SAMOA | Saturday, 15 October 2016 | Views [521]

To-Sua Trench

To-Sua Trench

Ahhh, these fales! I’m really enjoying my stay here. Faofao is run by Koroseta, the lolofietele (village chief) of Saleapaga. She’s a wonderful Samoan-sized lady of about 50 and always dressed colourfully. With the sound of the sea, I awoke early for a magical Samoan sunrise. Bliss! Snap! Bliss! Snap!

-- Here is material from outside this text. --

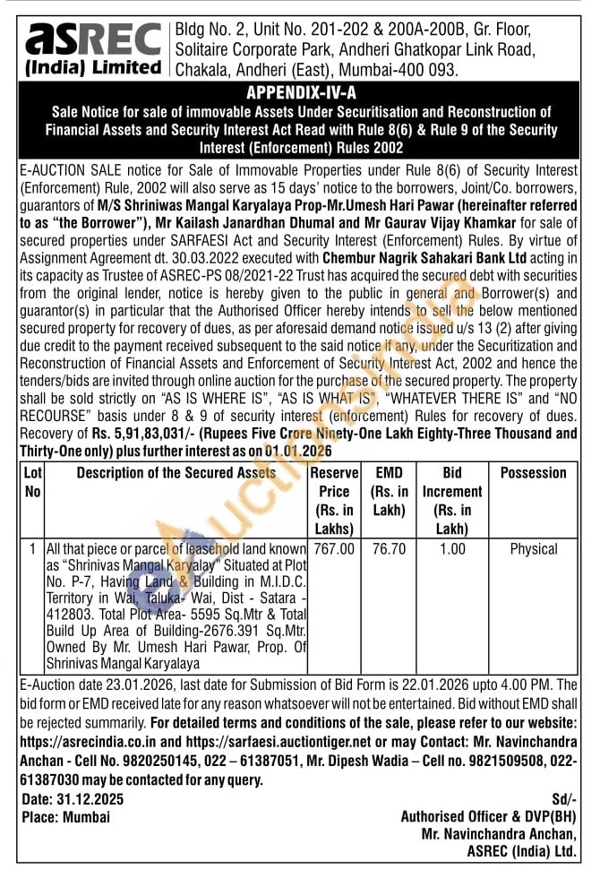 1 Situated at Plot No. P-7, Having Land & Building in M.I.D.C. Territory in Wai, Taluka- Wai, Dist - Satara 412803. Total Plot Area-5595 Sq.Mtr & Total Build Up Area of Building-2676.391 Sq.Mtr. Owned By Mr. Umesh Hari Pawar, Prop. Of Shrinivas Mangal Karyalaya

Brekkie at the fale is a rather simple and communal one, usually pancakes, fresh papaya, bananas, and instant coffee. Peter and Penny (P&P) are from Townsville, and we had some really good chats last night. Today they are off to American Samoa for a few days and they agreed to give me a lift to Le Mafa Pass today. It’s surprising that there are only about five geocaches in all of Samoa, but there’s one there with a gorgeous view. Fresh and clean after a shower, we all piled into the car. 20 minutes later they dropped me at the pass, and view is wonderful, and shortly thereafter I had my third Samoan geocache in hand.

Le Mafa Pass

All three caches so far have been nanos (very tiny). To-Sua Trench is all the rave at the fales, so I headed off in that direction, on the way being picked up by a Samoan family visiting from Melbourne. Samoan heat is icky, but a coconut would quench my thirst as I made my way toward the trench. Many natural attractions (waterfalls, trenches, etc.) that are normally free in other Pacific islands have an admission charge here. Visiting the trench has a 20 tala fee, but I made the most of it. Two guys the other day had a fear of heights and wouldn’t climb down the ladder for a swim but it was simple for me. A dip in the trench is wonderful on a hot day. After a swim I met my first contact from American Samoa. Leuso is from there, but is visiting from Oregon with his friend Brendan. Accommodation options are very limited and pricey over that way, and I don’t know anybody in American Samoa so if I had someone I could stay with or at least a patch of grass to pitch my tent, it would help exponentially. Lately I’ve been kicking myself, feeling like I put too much effort in finding someone to stay with on Lord Howe, but almost none for this trip. It was scorching hot, so I opted for another swim. It’s best to make the most of time when there’s an admission fee. The tide was higher, so I could jump from a fair way up. For more than four hours I was at To-Sua Trench and I loved every minute of it.


 
Three guys picked me up and gave me my first Vailima beer. One of the national dishes of Samoa is oka, which is raw fish marinated in coconut cream and lime juice. It was part of our dinner this evening, along with stir-fry, BBQ chicken, and grilled fish. Every dinner I’ve had features a heavy dose of meat. Samoan vodka is decent, though it’s surprising that Samoa doesn’t produce rum. I’ve run the gamut tonight as far as both food and drink: fish, chicken, salad, stir-fry, beer, coffee, vodka, and wine. Tonight there'd be a spectacular fire dancing show. I wish I could do something like this!

Samoa is paradise, and perhaps this is the truest "holiday" I’ve ever had.